━━ Dataset excerpts

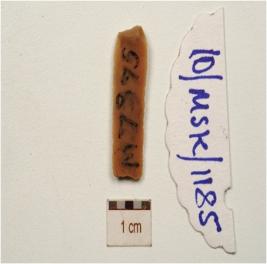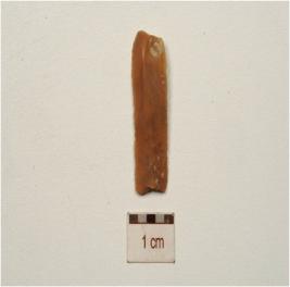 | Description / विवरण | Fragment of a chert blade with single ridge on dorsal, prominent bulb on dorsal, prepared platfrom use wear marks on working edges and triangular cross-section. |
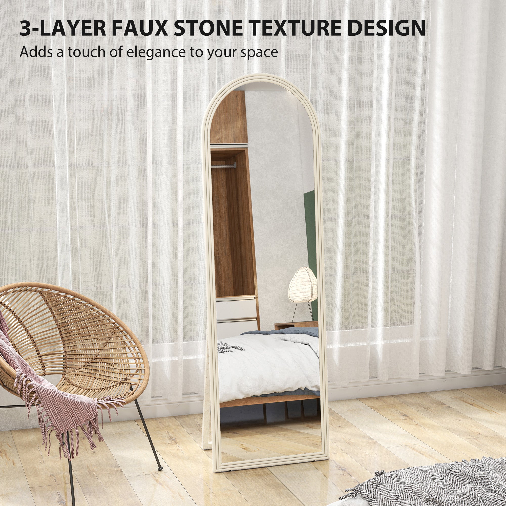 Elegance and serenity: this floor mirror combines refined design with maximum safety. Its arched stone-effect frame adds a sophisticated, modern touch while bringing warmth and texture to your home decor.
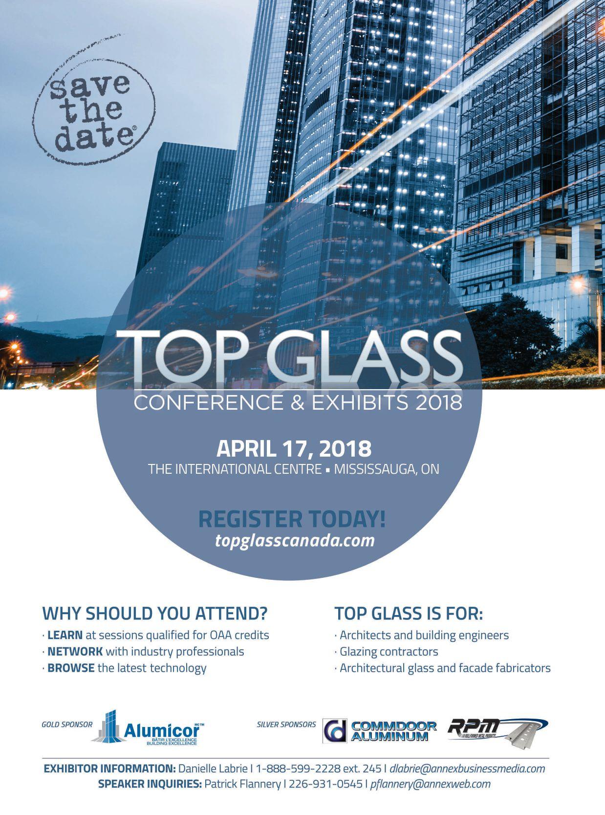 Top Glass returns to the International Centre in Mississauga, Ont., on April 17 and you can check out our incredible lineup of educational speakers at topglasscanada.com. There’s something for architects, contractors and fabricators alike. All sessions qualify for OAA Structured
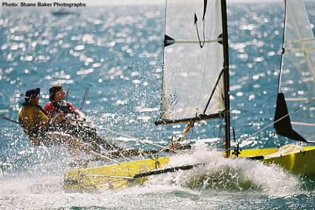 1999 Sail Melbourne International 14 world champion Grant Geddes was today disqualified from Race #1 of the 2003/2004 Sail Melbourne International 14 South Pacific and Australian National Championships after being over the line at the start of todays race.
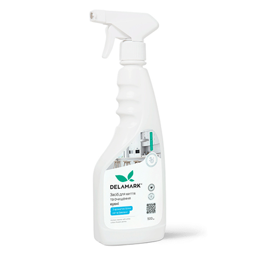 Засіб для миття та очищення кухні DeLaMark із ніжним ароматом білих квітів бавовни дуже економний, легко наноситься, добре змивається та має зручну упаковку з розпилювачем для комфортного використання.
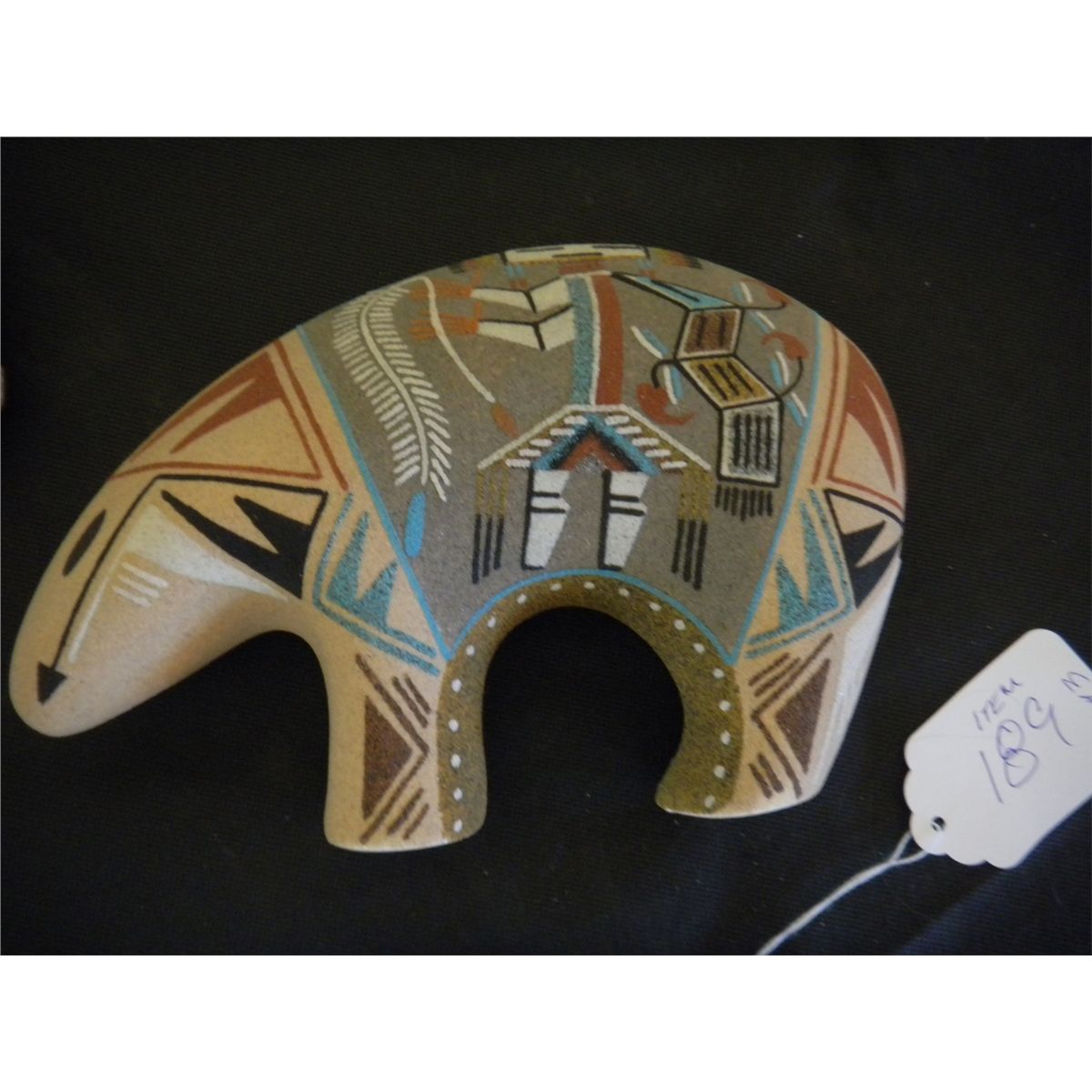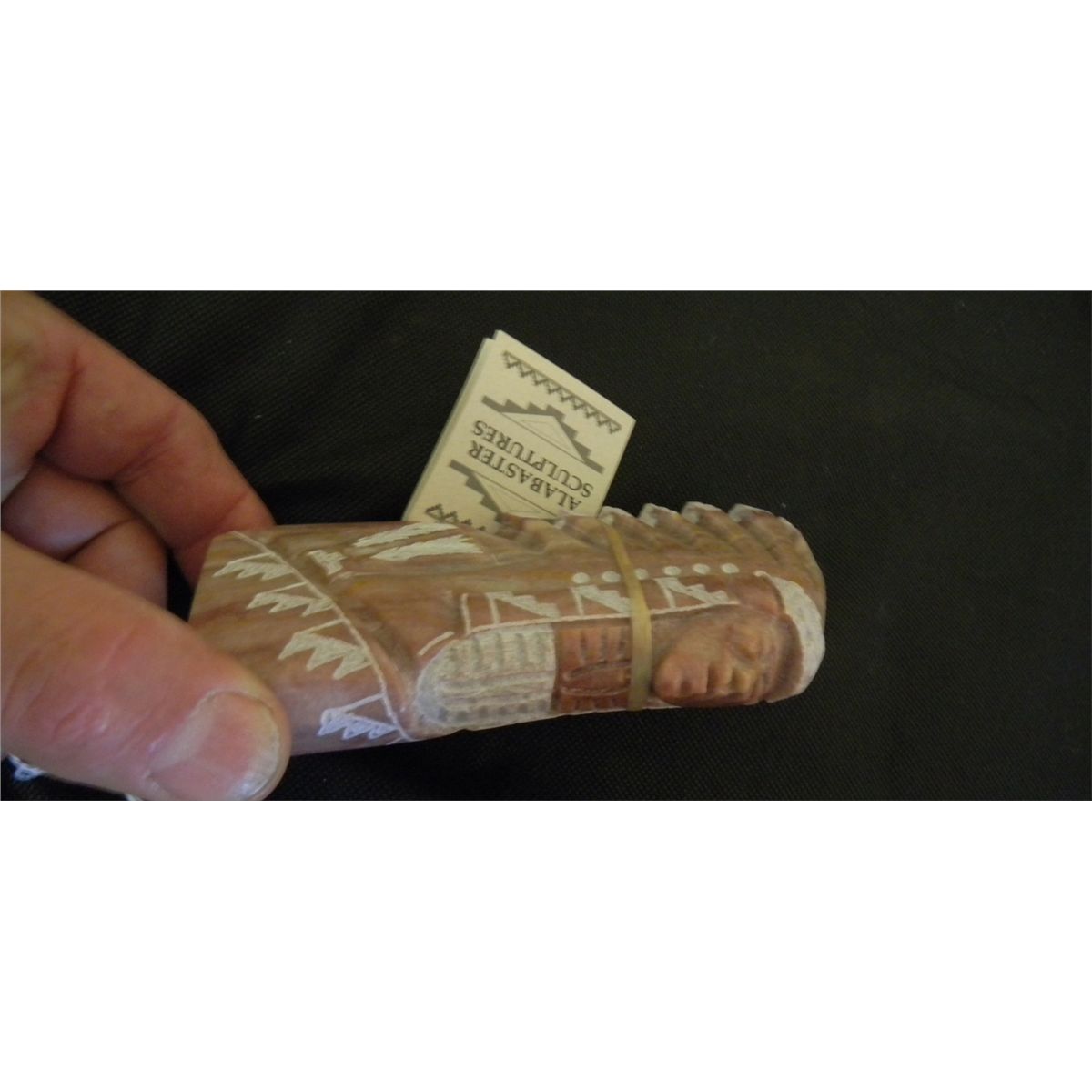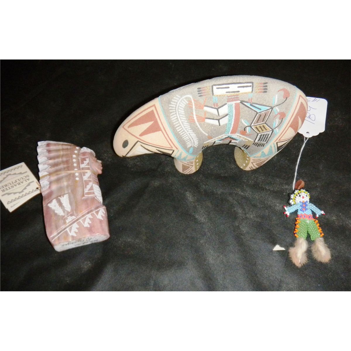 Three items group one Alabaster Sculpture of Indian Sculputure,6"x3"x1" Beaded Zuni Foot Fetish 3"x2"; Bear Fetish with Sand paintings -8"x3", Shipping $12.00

━━━━

● **Exercise brief**: Please take the lines from the beginning of the data above through the line holding "Elegance and serenity: this" and transcribe them exactly, without any pictures.

● **Written reply**:
 | Description / विवरण | Fragment of a chert blade with single ridge on dorsal, prominent bulb on dorsal, prepared platfrom use wear marks on working edges and triangular cross-section. |
 Elegance and serenity: this floor mirror combines refined design with maximum safety. Its arched stone-effect frame adds a sophisticated, modern touch while bringing warmth and texture to your home decor.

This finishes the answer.